Philippe Pellet n’est pas un bleu dans le métier et son dessin a une « patte » reconnaissable. Dessinateur des neuf premiers tomes de la série Les Forêts d’Opale (entre autres), son ancien comparse Christohe Arleston lui ouvre ici les portes de Drakoo pour développer une histoire, seul au scénario comme au dessin, un récit qui a longuement mûri.
Sheïd est l’archétype du baroudeur chevronné. Entre un James Bond et un Han Solo, avec un petit côté Conan, c’est un homme qui inspire le respect. Il erre entre sales boulots et grosses magouilles en espérant décrocher le jackpot qui lui permettra de s’assurer une retraite tranquille. Le rêve de tout baroudeur qui n’est pas un assassin invétéré en somme.
De retour de mission, son commanditaire Mhaus lui propose le coup du siècle, qui devrait lui permettre de se retirer des affaires. On sent le coup fourré à des kilomètres mais Sheïd accepte et tout aurait (presque) pu bien se passer si le fils jaloux de Mhaus ne s’en était pas mêlé et si une gamine apeurée ne se retrouvait pas dans ses pattes. Voilà le grand gaillard solitaire dans la peau d’une baby-sitter musclée. On se doute que cela va ébranler ses convictions et sa façon de voir sa propre vie. On espère même qu’il sorte grandi de son aventure .

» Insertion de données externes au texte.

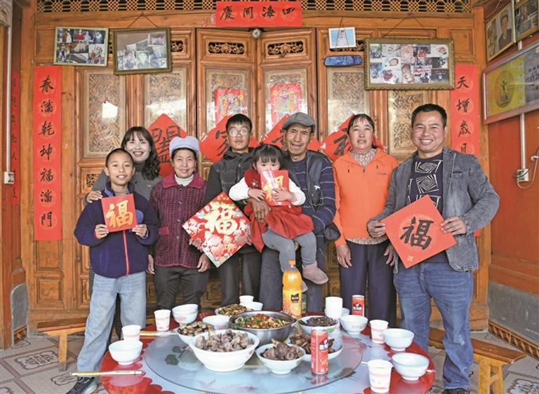 2月16日,在云南省大理白族自治州剑川县马登镇文屏村,一家人在吃“团圆饭”前合影。 新华社发(赵庆祖摄)
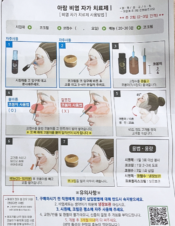 꼭 오시지 않아도 지금은 집에서도 콧물을 낼 수 있는 기구와 약을 처방받았습니다

Philippe Pellet parsème son histoire de détails personnels comme le nom même de la ville où se situe l’intrigue, inspiré du cirque de Mafate, formation géologique célèbre de l’île de la Réunion pour son cœur difficilement atteignable. Or, l’auteur est justement né sur cette île.
Au-delà d’une intrigue, pour le moment classique, qui se met en place, les dessins et le découpage sont à couper le souffle. L’auteur a de l’expérience, ça se sent, et il s’amuse dans ses perspectives et ses dessins pleine page. Fourmillant de détails, les planches sont magnifiques. Saluons le travail de mise en couleur de Tanja Wenish, mise au défi de sublimer des ambiances écrasées de chaleur sous un soleil implacable.
Un album qui mérite d’être découvert, ne serait-ce que pour sa beauté graphique et pour son univers chaud et oppressant, avant un nouveau tome qu’on devine plus aérien.